● **RECORDED DATA**:
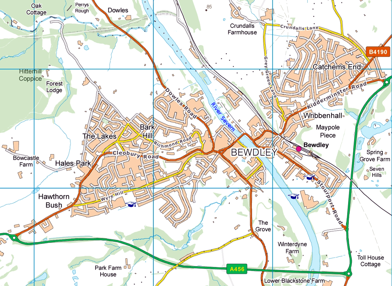 Map of Bewdley and surrounding area from Ordnance Survey VectorMap District (raster) mapping. One grid square = 1 square kilometre.
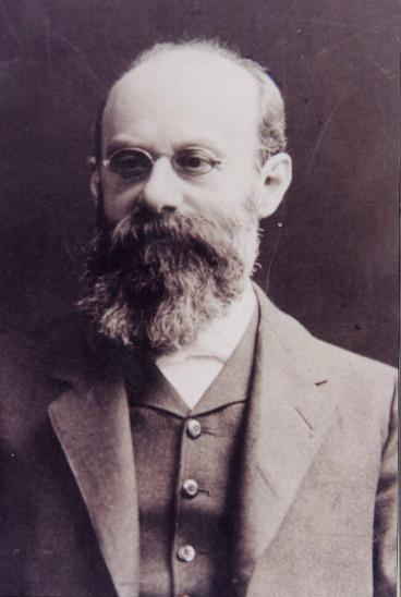 Izidor Brennsohn
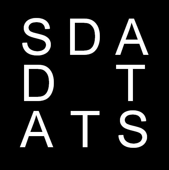 Former Logo of SDA-ATS.
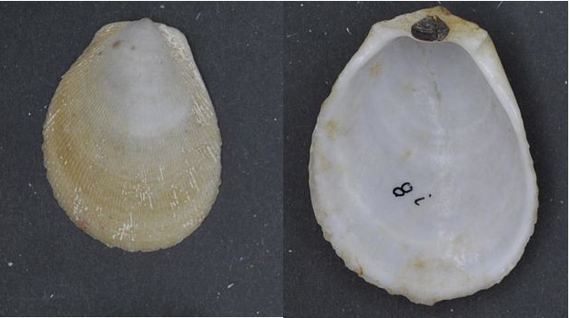 Ctenoides scabra (Von Born, 1778), Limidae, Bivalvia, Mollusca, Naturalis Biodiversity Center - RMNH.MOL.321823 1
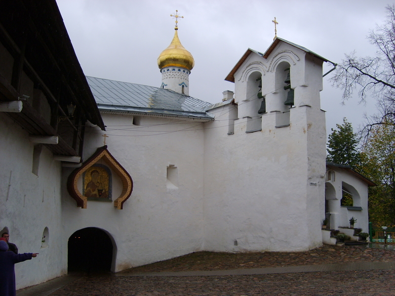 Pskovo-Pechersky Monastery. Nikola Church's BellTower
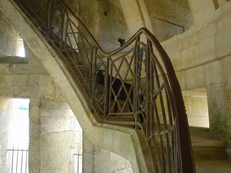 Inside the pagoda in Chanteloup, France
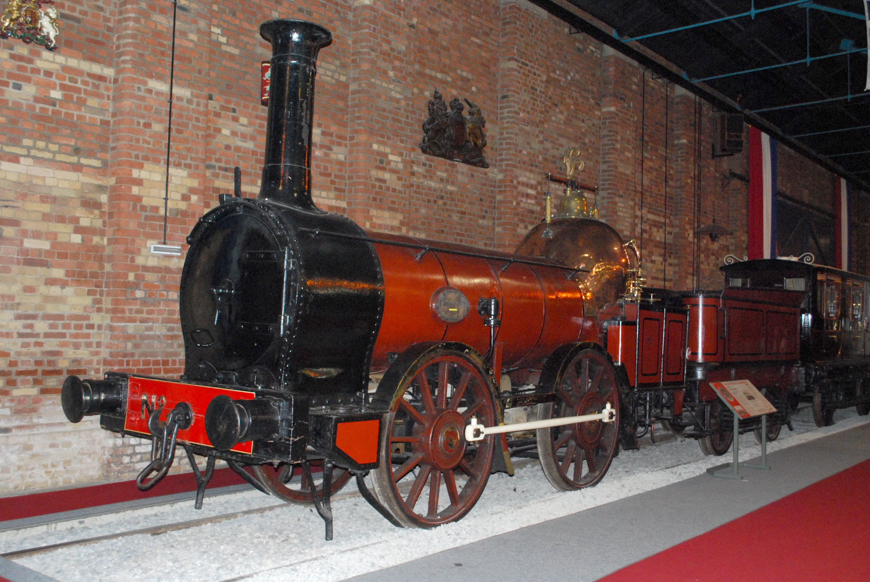 Furness Railway "Bury" 0-4-0 No.3 Coppernob built in 1846 at the Bury, Curtis & Kennedy Works, Liverpool. The Bury type engines with bar frames were designed by Edward Bury and were immensely successful in the early days of railways but were eventually overtaken by larger, more advanced types. 9/10.
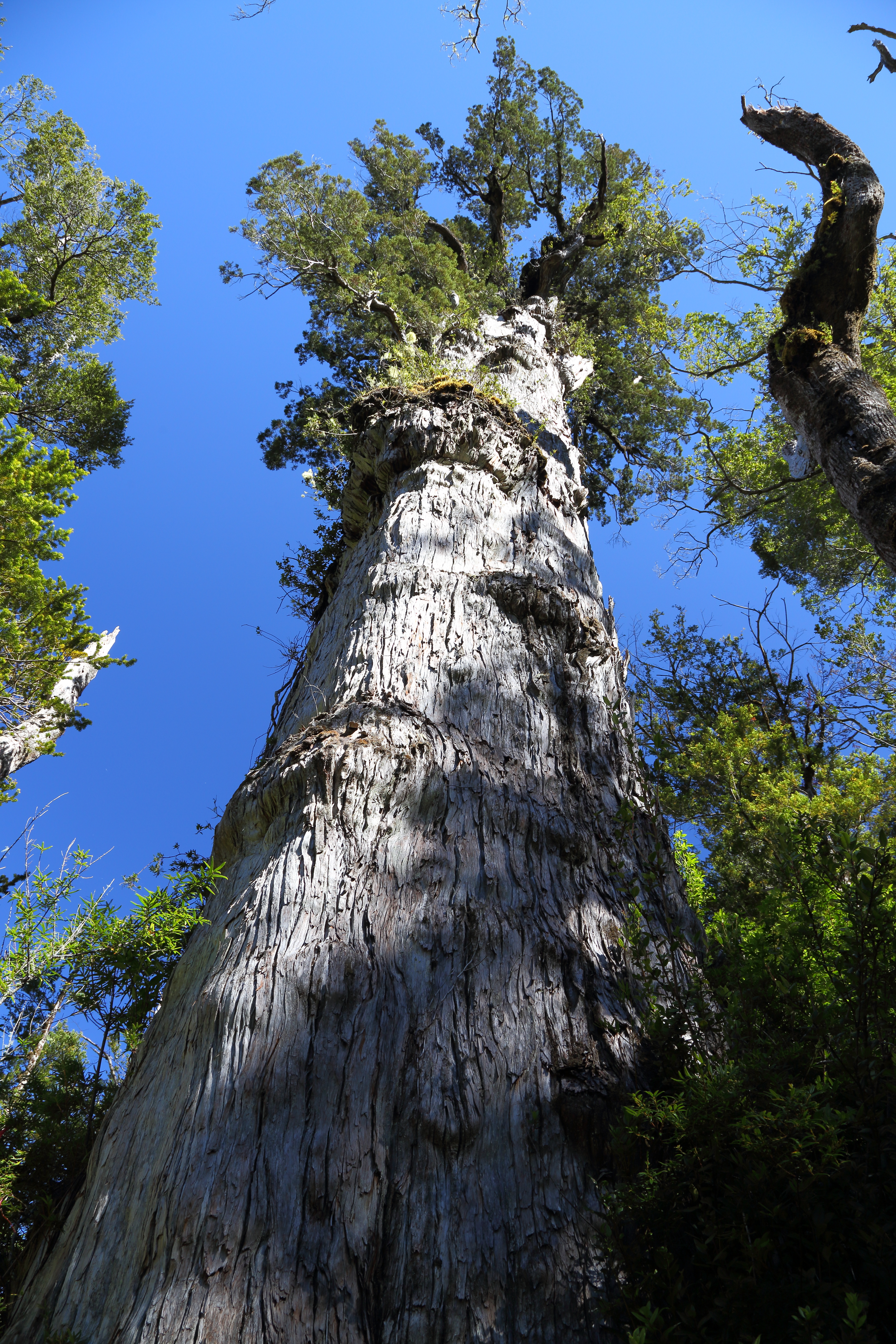 Fitzroya cupressoides: Alerce Andino National Park

● **WORK ITEM**:
Pictures aside, repeat every line of the data above exactly.

● **REPLY TO THE TASK**:
 Map of Bewdley and surrounding area from Ordnance Survey VectorMap District (raster) mapping. One grid square = 1 square kilometre.
 Izidor Brennsohn
 Former Logo of SDA-ATS.
 Ctenoides scabra (Von Born, 1778), Limidae, Bivalvia, Mollusca, Naturalis Biodiversity Center - RMNH.MOL.321823 1
 Pskovo-Pechersky Monastery. Nikola Church's BellTower
 Inside the pagoda in Chanteloup, France
 Furness Railway "Bury" 0-4-0 No.3 Coppernob built in 1846 at the Bury, Curtis & Kennedy Works, Liverpool. The Bury type engines with bar frames were designed by Edward Bury and were immensely successful in the early days of railways but were eventually overtaken by larger, more advanced types. 9/10.
 Fitzroya cupressoides: Alerce Andino National Park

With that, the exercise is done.